▶ _Your goal_
The whole listing, apart from its images, should be restated word for word.
Start of Records for this exercise
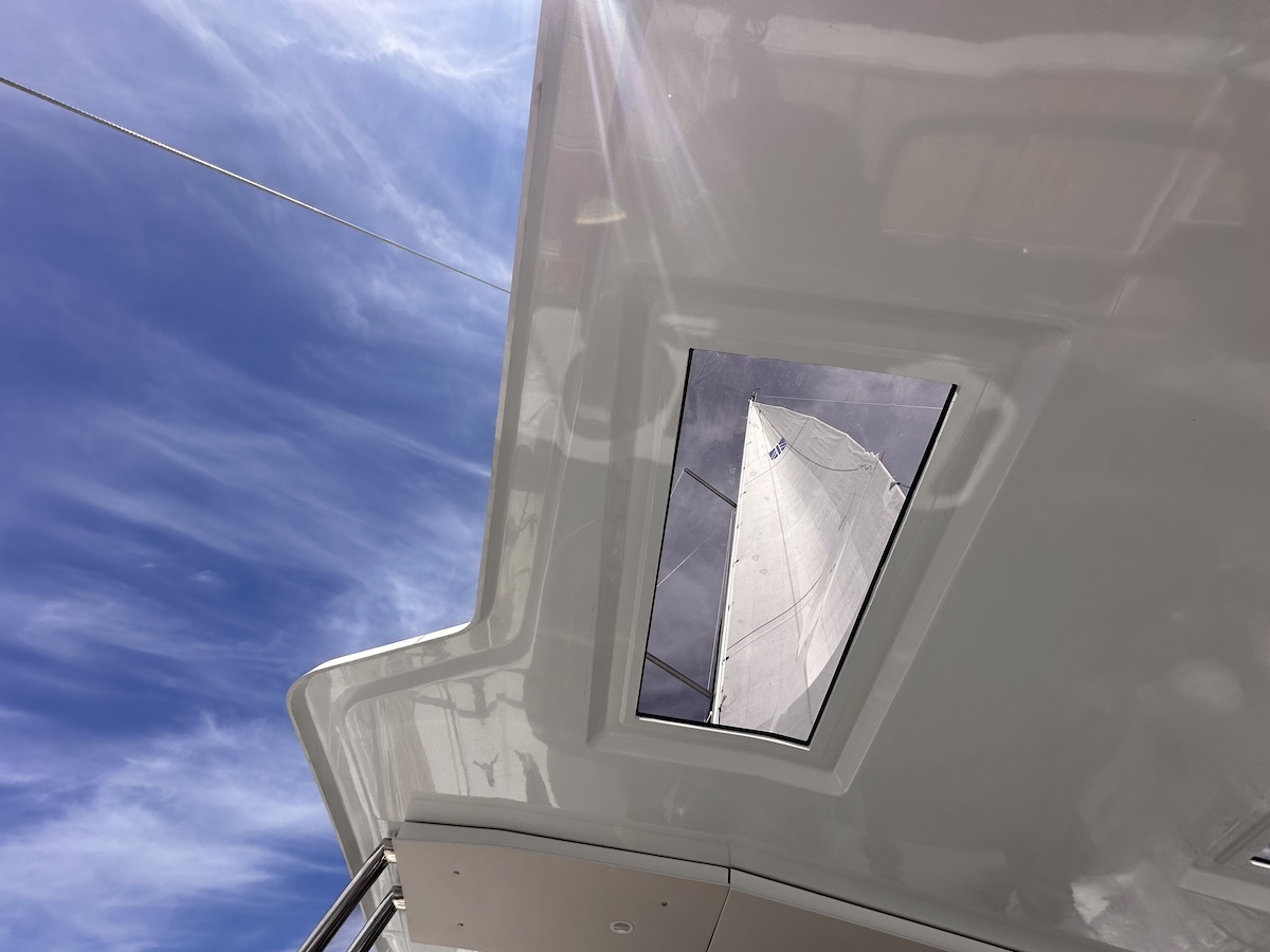 La luz natural está realmente presente en este Dufour 48. Las ventanas panorámicas del tejadillo, que se extienden a lo largo de toda su longitud, bañan continuamente el salón interior y la cocina con luz natural, creando un ambiente cálido y acogedor.
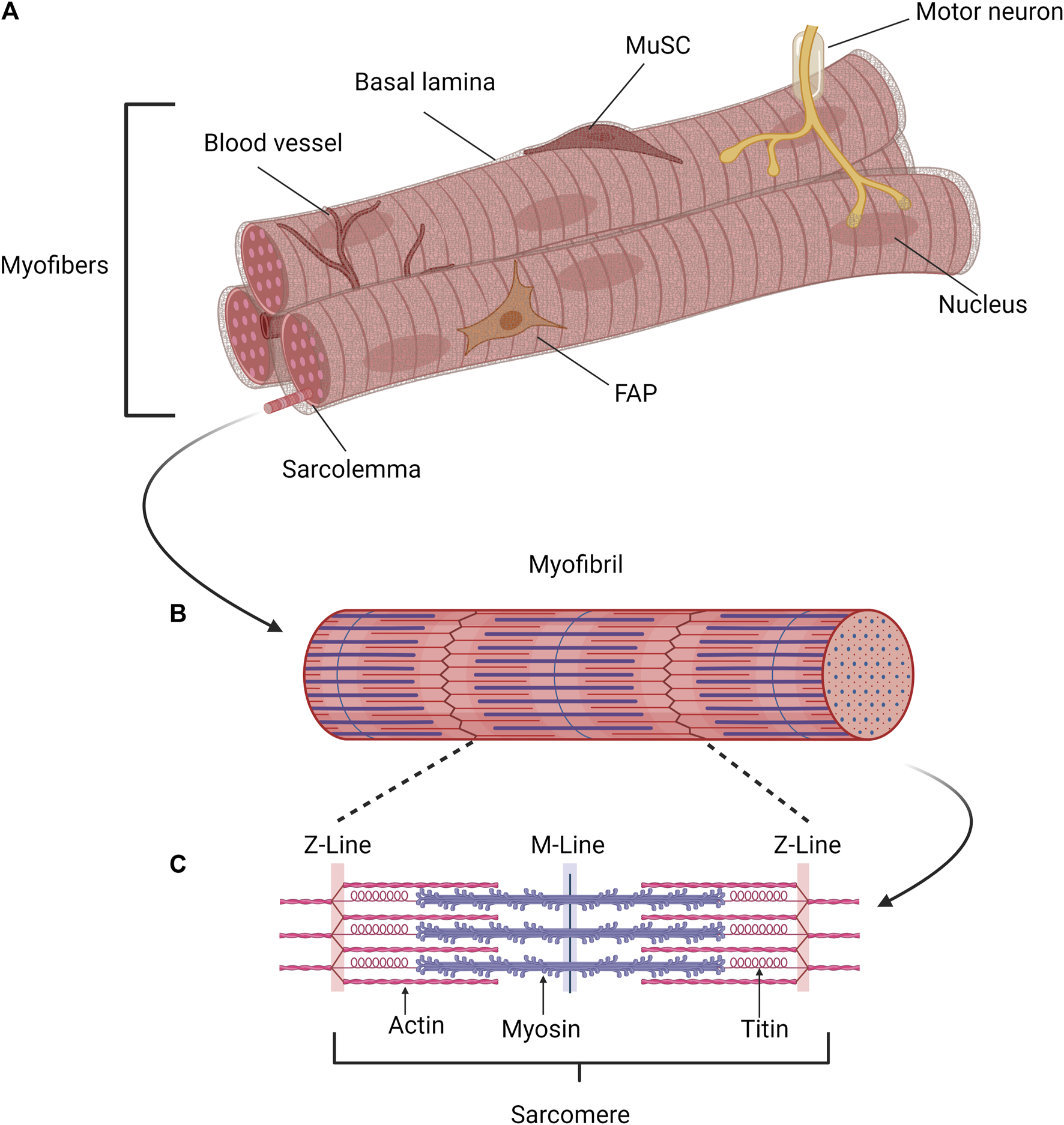 Schematic of the structure of skeletal muscle. (A) Myofibers, connective tissue, blood vessels, muscle stem cells (MuSCs), and various support cell types, such as fibrogenic adipogenic progenitor cells (FAPs), are found in skeletal muscle. Motor neurons innervate the multinucleated myofibers, enabling coordinated movement. The postmitotic myofiber is the primary cell type in skeletal muscle, responsible for force production and muscular contraction. (B) Each myofiber contains several parallel myofibrils, composed of repeating contractile units, the sarcomeres. (C) Muscle contraction is mediated by the sarcomere, the smallest contractile unit formed by overlapping elastic, thick, and thin filaments. Created with BioRender.com.
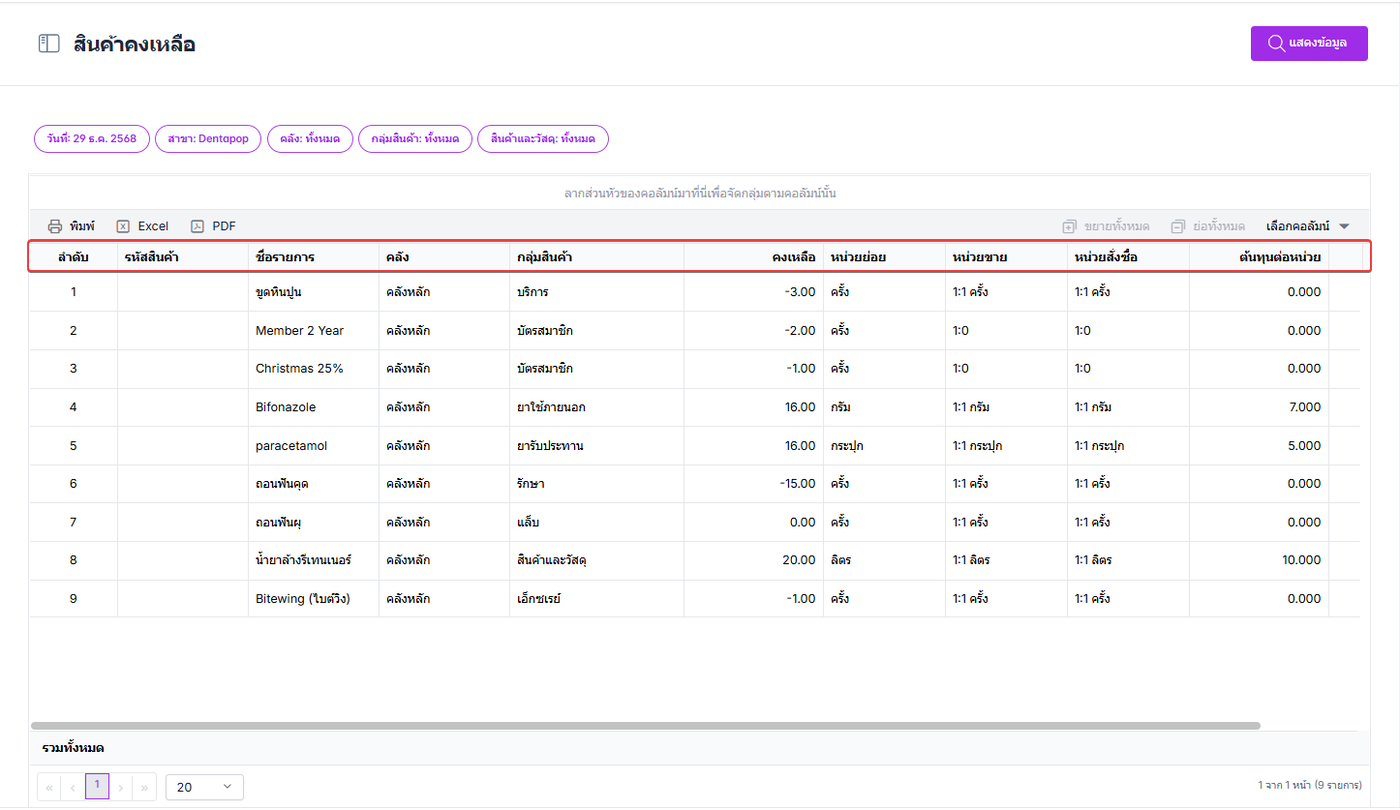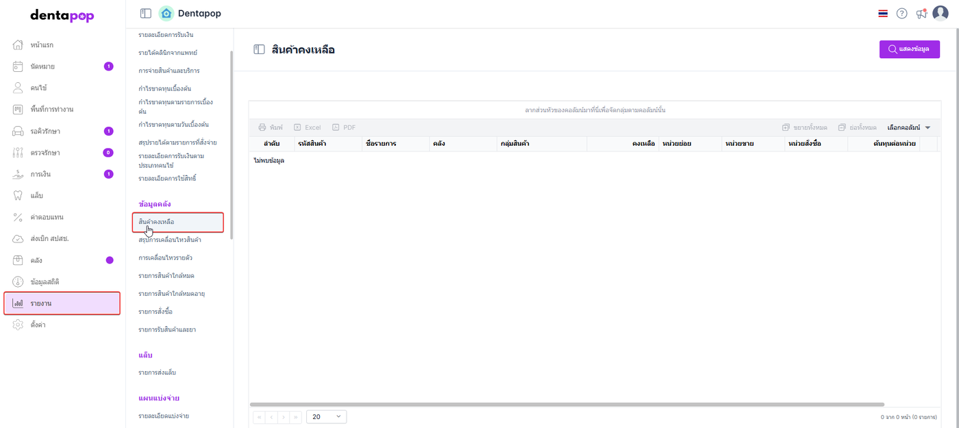รายงานข้อมูลคลังที่เกี่ยวกับสินค้าคงเหลือจะมีการให้ค้นหาข้อมูลเกี่ยวกับยอดคงเหลือของสินค้าต่าง ๆ ที่ถูกเก็บรักษาในคลังสินค้าของคลินิก รายงานนี้สามารถให้ข้อมูลที่มีประโยชน์ในการวิเคราะห์และบริหารจัดการสินค้า
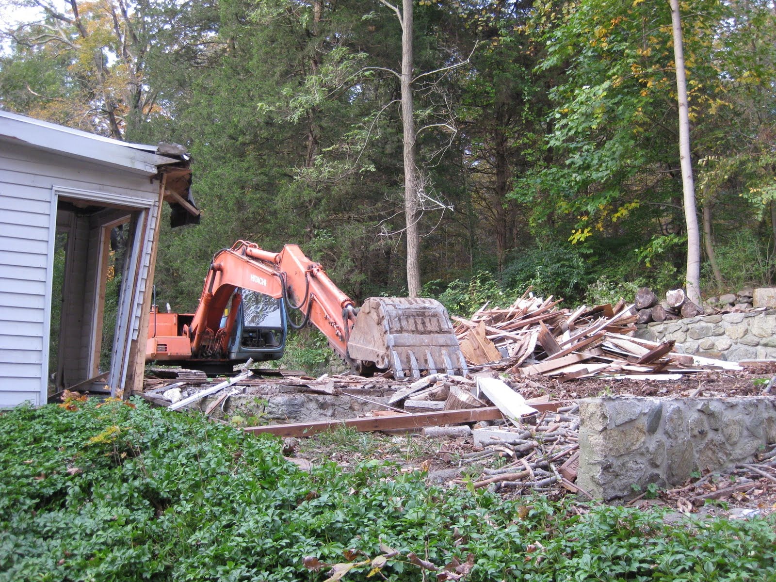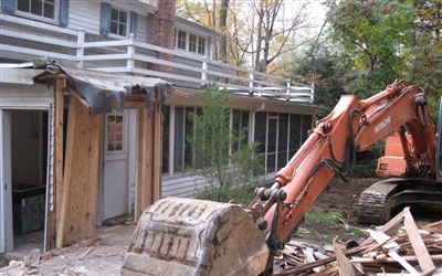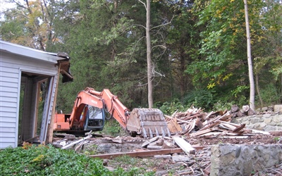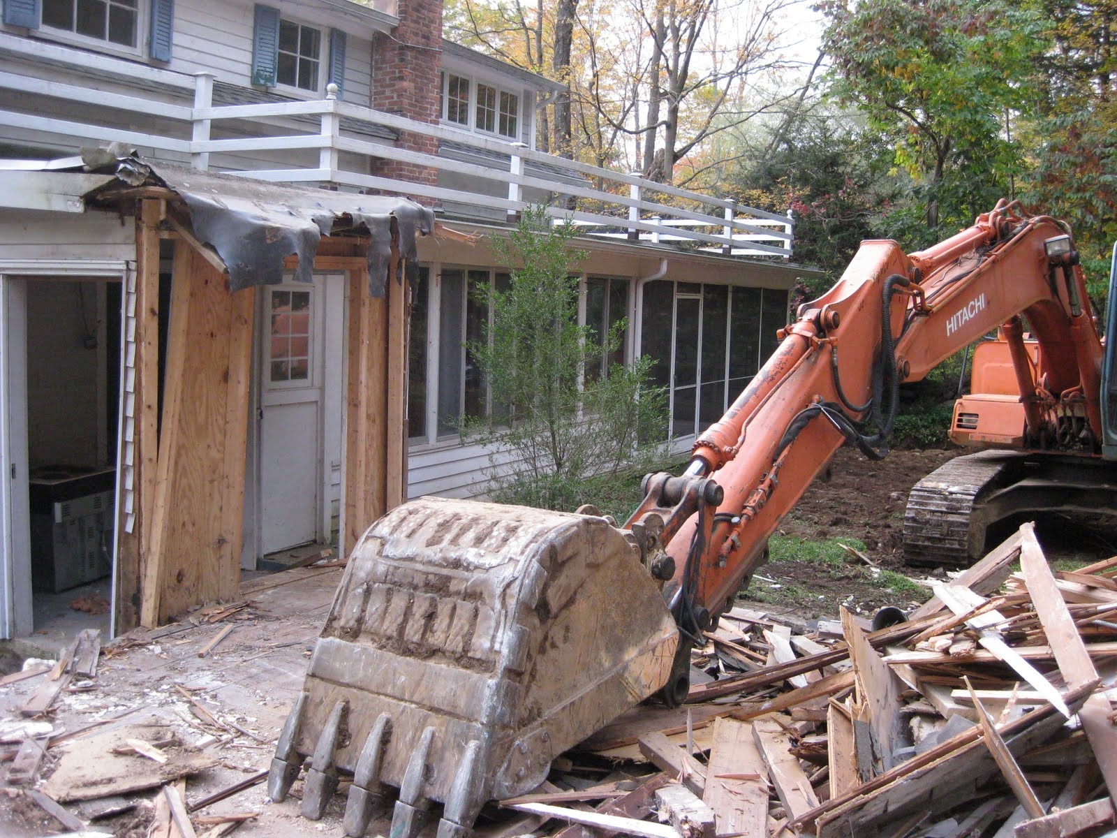 Here are some pictures from our first day of construction; The Shed is History!
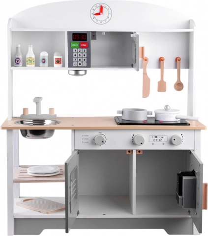 Esta cocina infantil está estéticamente elaborada y no solo garantiza una excelente diversión, sino que también contribuye al desarrollo del niño. A los niños les encanta imitar a los adultos y esta cocina les permite jugar a cocinar, limpiar y otras actividades relacionadas con el funcionamiento del hogar.
End of Records for this exercise
▶ _Result below_
 La luz natural está realmente presente en este Dufour 48. Las ventanas panorámicas del tejadillo, que se extienden a lo largo de toda su longitud, bañan continuamente el salón interior y la cocina con luz natural, creando un ambiente cálido y acogedor.
 Schematic of the structure of skeletal muscle. (A) Myofibers, connective tissue, blood vessels, muscle stem cells (MuSCs), and various support cell types, such as fibrogenic adipogenic progenitor cells (FAPs), are found in skeletal muscle. Motor neurons innervate the multinucleated myofibers, enabling coordinated movement. The postmitotic myofiber is the primary cell type in skeletal muscle, responsible for force production and muscular contraction. (B) Each myofiber contains several parallel myofibrils, composed of repeating contractile units, the sarcomeres. (C) Muscle contraction is mediated by the sarcomere, the smallest contractile unit formed by overlapping elastic, thick, and thin filaments. Created with BioRender.com.
รายงานข้อมูลคลังที่เกี่ยวกับสินค้าคงเหลือจะมีการให้ค้นหาข้อมูลเกี่ยวกับยอดคงเหลือของสินค้าต่าง ๆ ที่ถูกเก็บรักษาในคลังสินค้าของคลินิก รายงานนี้สามารถให้ข้อมูลที่มีประโยชน์ในการวิเคราะห์และบริหารจัดการสินค้า
 Here are some pictures from our first day of construction; The Shed is History!
 Esta cocina infantil está estéticamente elaborada y no solo garantiza una excelente diversión, sino que también contribuye al desarrollo del niño. A los niños les encanta imitar a los adultos y esta cocina les permite jugar a cocinar, limpiar y otras actividades relacionadas con el funcionamiento del hogar.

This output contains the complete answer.